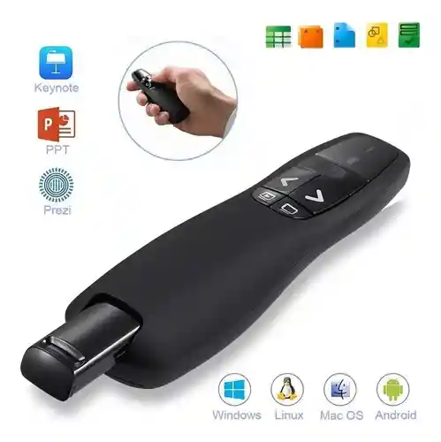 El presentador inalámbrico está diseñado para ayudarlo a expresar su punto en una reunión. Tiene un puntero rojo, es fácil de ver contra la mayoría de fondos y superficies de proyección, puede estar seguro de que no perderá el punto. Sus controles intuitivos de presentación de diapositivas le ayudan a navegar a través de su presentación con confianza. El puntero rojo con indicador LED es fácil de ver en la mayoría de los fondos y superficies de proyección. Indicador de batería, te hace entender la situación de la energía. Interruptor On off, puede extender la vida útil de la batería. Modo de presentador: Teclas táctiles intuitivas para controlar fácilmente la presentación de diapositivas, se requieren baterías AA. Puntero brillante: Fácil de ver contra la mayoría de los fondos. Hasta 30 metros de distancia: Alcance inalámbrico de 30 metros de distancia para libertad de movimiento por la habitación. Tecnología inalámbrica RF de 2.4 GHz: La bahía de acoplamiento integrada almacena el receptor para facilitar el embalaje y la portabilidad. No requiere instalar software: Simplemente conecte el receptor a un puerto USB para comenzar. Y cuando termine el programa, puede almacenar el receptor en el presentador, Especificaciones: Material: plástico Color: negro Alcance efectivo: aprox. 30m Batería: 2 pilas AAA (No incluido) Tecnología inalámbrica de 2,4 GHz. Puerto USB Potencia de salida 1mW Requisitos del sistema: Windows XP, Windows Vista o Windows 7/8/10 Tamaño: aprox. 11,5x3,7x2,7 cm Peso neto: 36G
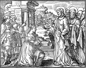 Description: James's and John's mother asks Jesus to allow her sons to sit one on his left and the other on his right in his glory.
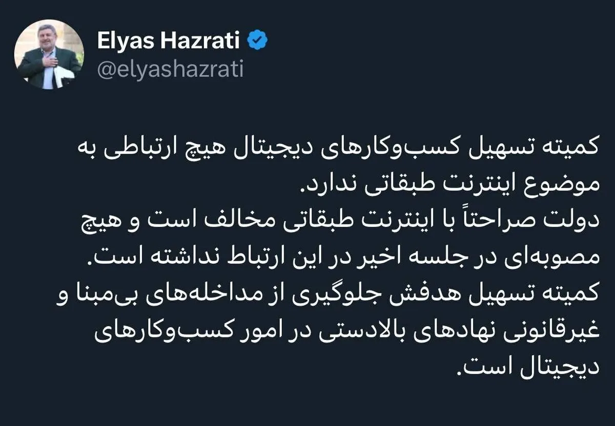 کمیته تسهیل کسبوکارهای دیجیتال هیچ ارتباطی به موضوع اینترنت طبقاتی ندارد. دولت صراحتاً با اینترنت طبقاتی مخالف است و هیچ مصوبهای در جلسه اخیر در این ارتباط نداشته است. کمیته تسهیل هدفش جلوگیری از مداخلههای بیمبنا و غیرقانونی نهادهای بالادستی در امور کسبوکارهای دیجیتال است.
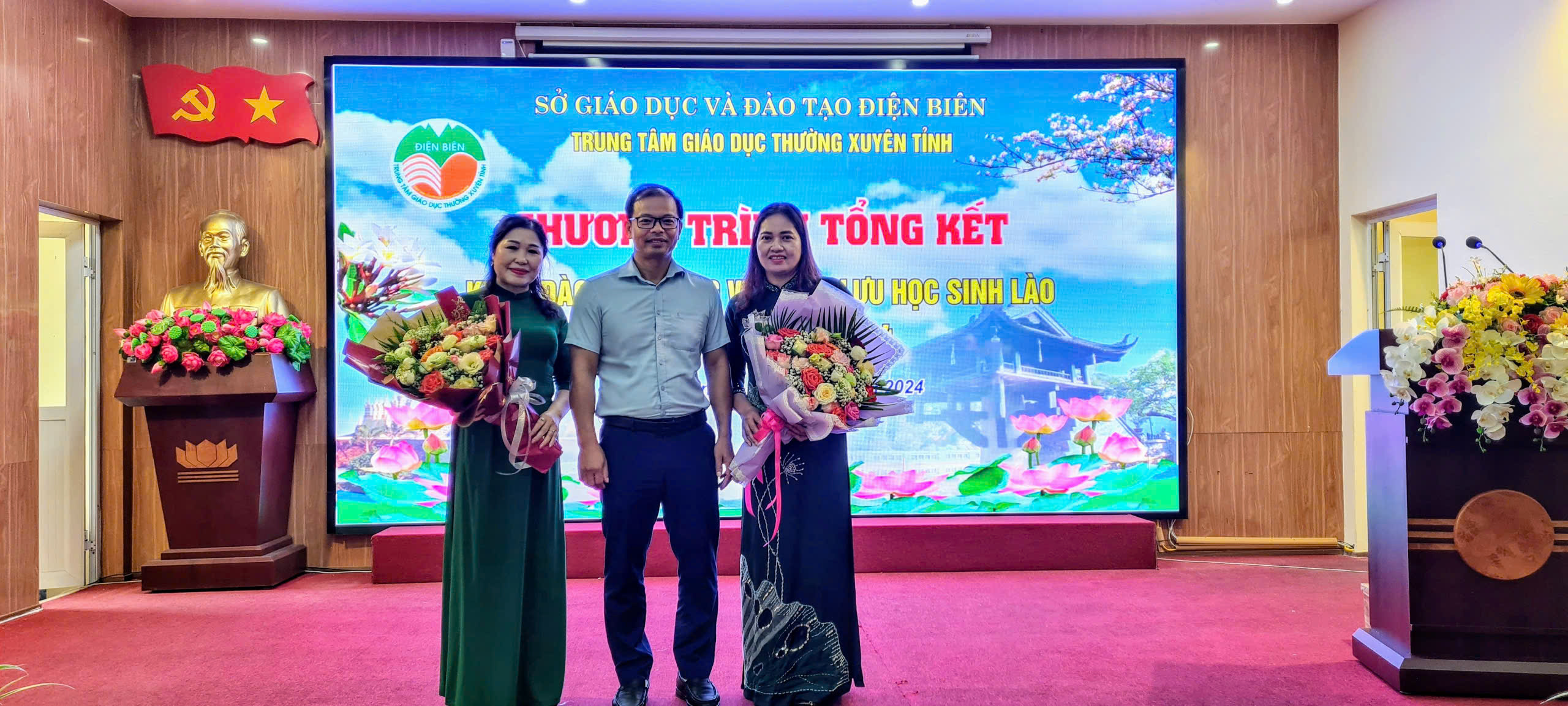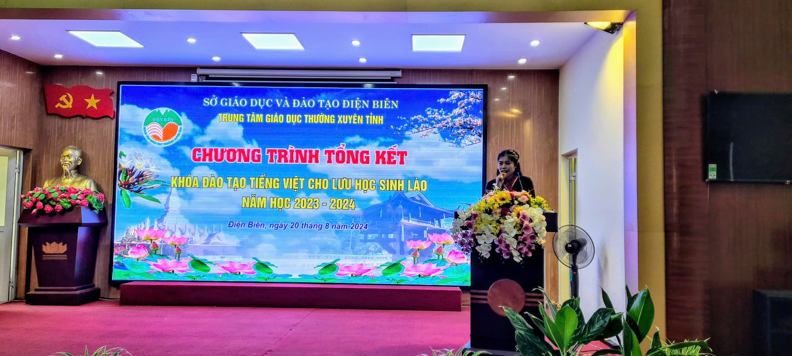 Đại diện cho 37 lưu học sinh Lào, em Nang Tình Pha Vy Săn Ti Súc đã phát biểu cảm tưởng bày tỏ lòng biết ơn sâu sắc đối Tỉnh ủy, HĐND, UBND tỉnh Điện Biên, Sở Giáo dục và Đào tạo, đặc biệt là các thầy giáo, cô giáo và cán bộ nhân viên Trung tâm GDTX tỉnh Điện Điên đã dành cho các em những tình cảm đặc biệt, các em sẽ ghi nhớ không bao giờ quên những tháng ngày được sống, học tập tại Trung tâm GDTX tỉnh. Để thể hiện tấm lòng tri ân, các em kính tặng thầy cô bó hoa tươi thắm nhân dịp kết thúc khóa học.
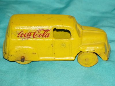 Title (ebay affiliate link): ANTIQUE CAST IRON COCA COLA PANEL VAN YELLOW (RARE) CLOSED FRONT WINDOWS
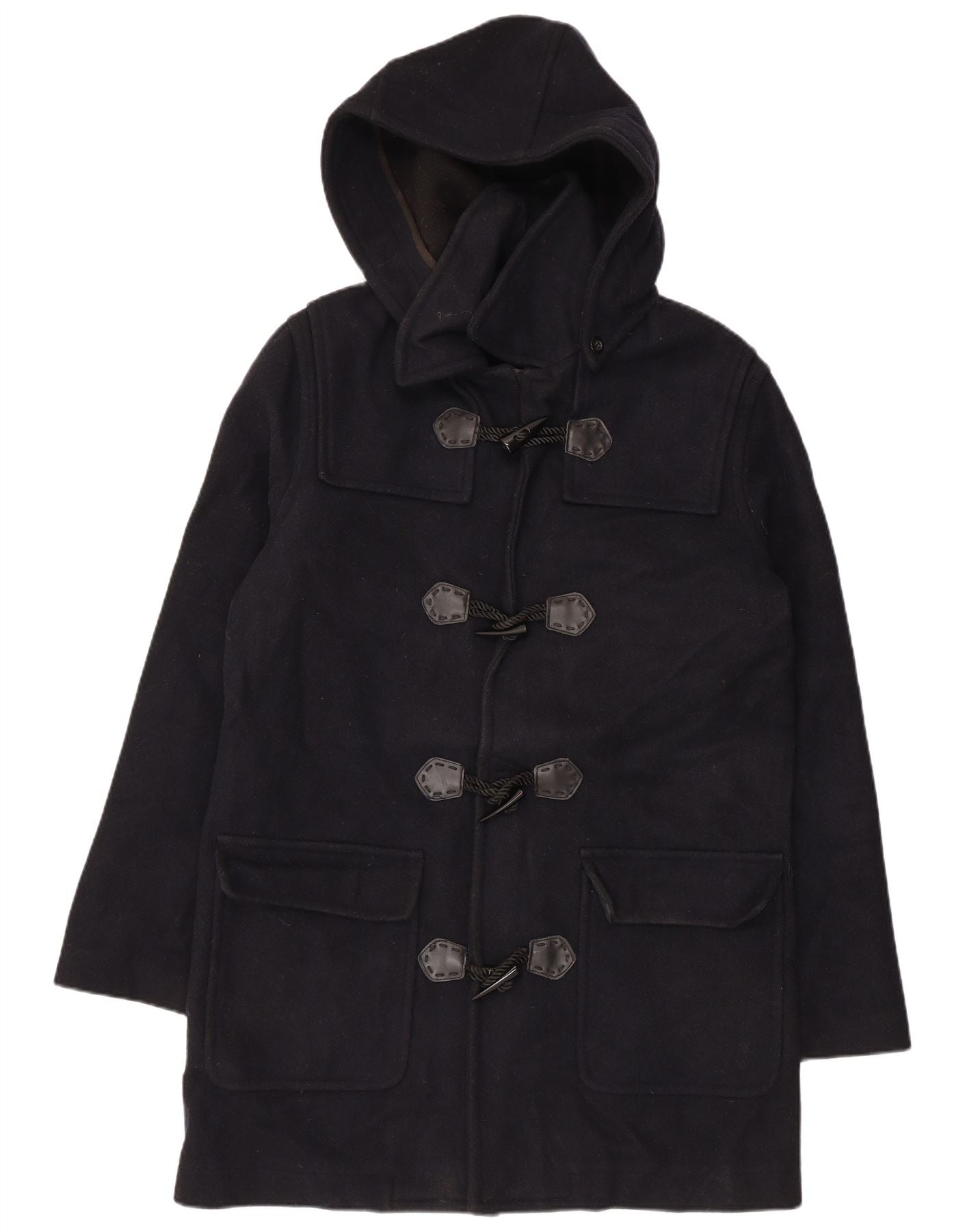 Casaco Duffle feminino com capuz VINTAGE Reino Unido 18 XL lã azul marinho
======
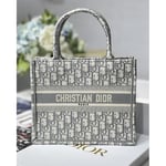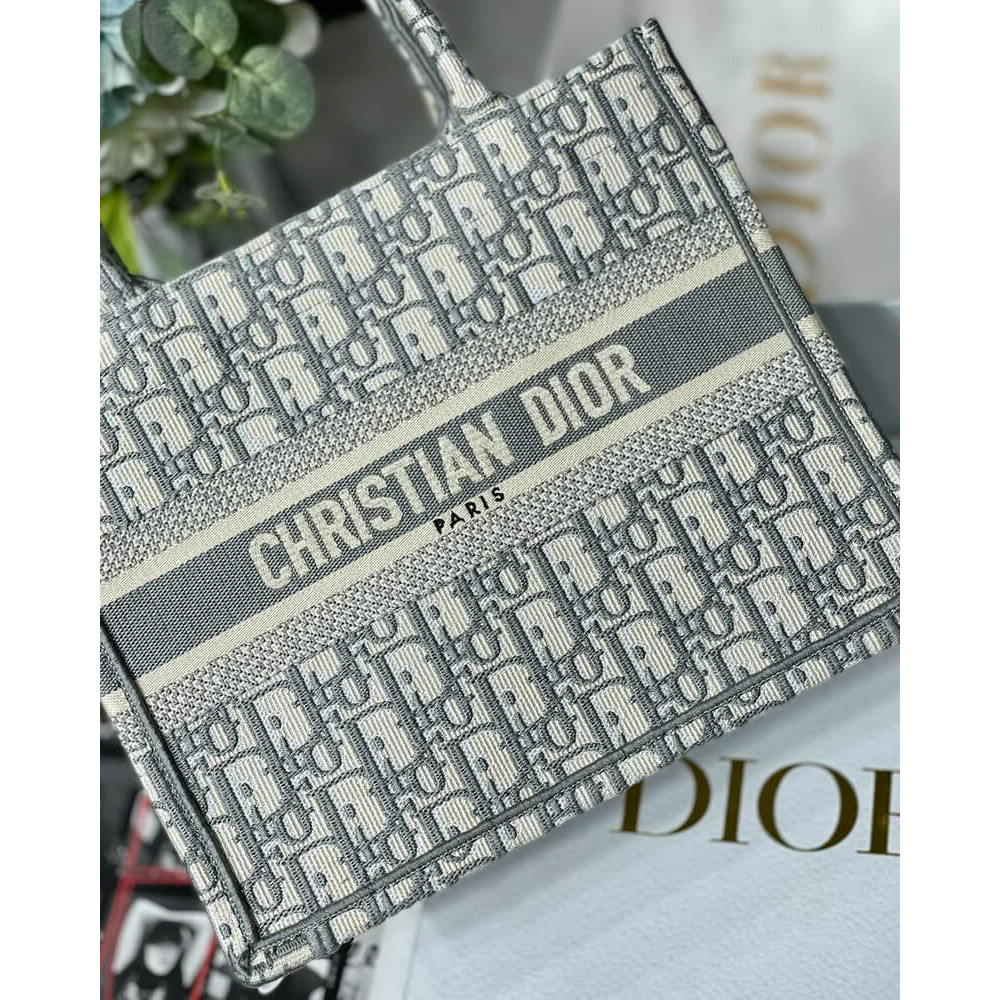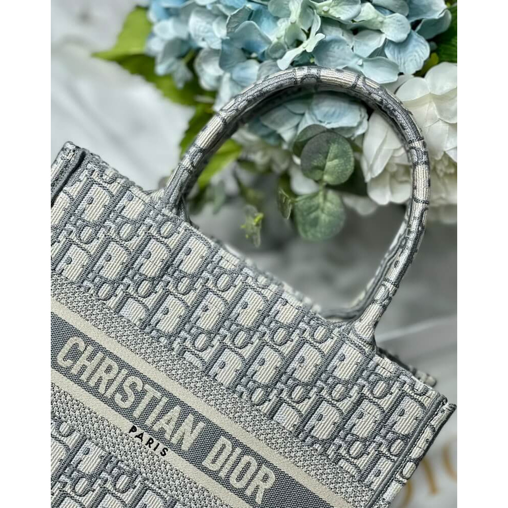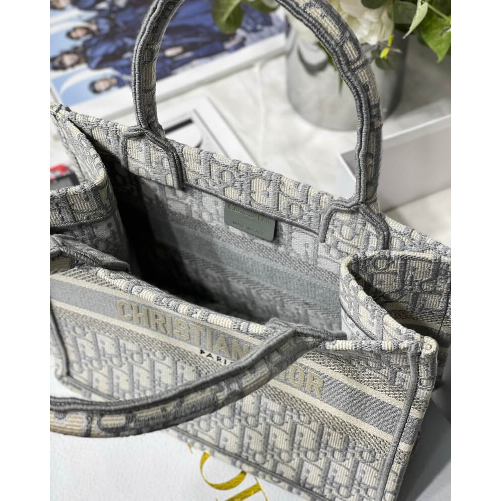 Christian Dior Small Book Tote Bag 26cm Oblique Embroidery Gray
======
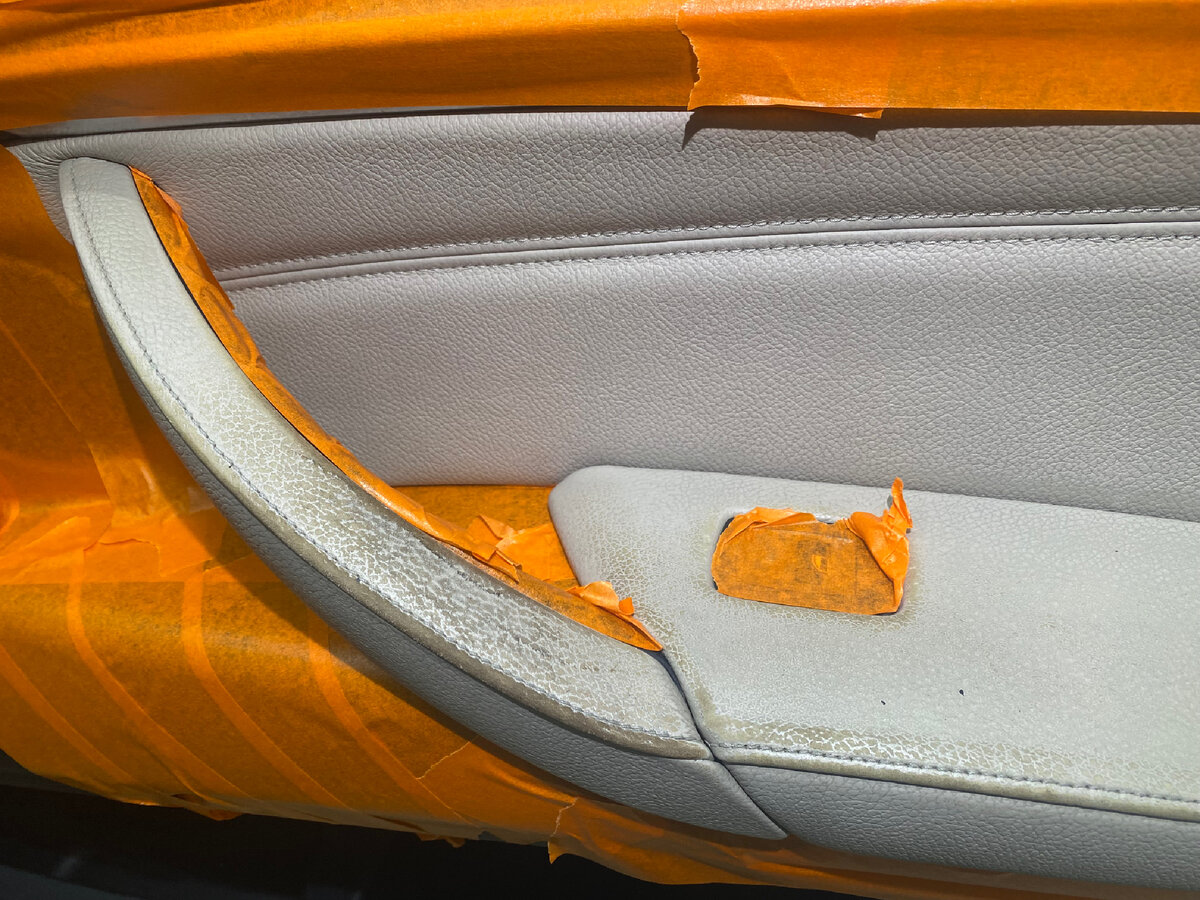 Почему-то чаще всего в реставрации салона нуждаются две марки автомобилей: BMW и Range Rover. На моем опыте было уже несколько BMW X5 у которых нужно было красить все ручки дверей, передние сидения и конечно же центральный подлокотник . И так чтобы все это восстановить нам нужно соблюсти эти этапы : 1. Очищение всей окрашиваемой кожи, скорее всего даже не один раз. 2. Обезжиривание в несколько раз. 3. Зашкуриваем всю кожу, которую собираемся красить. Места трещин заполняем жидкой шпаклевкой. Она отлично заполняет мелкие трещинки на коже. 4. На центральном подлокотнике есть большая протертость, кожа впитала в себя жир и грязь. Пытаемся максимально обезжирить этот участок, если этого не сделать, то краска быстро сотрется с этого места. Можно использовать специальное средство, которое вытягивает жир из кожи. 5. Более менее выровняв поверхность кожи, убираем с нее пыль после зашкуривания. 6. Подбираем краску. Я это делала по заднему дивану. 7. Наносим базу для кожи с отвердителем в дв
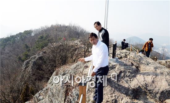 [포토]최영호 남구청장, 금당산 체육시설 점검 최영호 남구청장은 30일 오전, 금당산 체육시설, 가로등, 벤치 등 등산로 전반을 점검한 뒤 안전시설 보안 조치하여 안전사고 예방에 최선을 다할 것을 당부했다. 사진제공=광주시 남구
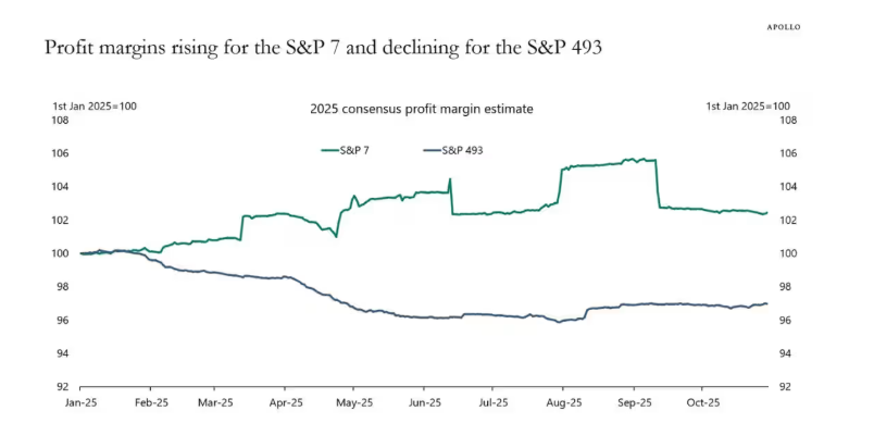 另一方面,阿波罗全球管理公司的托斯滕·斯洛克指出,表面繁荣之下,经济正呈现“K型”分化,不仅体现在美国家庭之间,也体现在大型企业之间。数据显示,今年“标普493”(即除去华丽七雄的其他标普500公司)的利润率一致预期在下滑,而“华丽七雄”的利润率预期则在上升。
======
WHAT NEEDS TO BE DONE:
Above are the records; restate exactly the lines from the one containing "Đại diện cho" through the one containing "Casaco Duffle feminino", keeping pictures out.

WORKED SOLUTION:
 Đại diện cho 37 lưu học sinh Lào, em Nang Tình Pha Vy Săn Ti Súc đã phát biểu cảm tưởng bày tỏ lòng biết ơn sâu sắc đối Tỉnh ủy, HĐND, UBND tỉnh Điện Biên, Sở Giáo dục và Đào tạo, đặc biệt là các thầy giáo, cô giáo và cán bộ nhân viên Trung tâm GDTX tỉnh Điện Điên đã dành cho các em những tình cảm đặc biệt, các em sẽ ghi nhớ không bao giờ quên những tháng ngày được sống, học tập tại Trung tâm GDTX tỉnh. Để thể hiện tấm lòng tri ân, các em kính tặng thầy cô bó hoa tươi thắm nhân dịp kết thúc khóa học.
 Title (ebay affiliate link): ANTIQUE CAST IRON COCA COLA PANEL VAN YELLOW (RARE) CLOSED FRONT WINDOWS
 Casaco Duffle feminino com capuz VINTAGE Reino Unido 18 XL lã azul marinho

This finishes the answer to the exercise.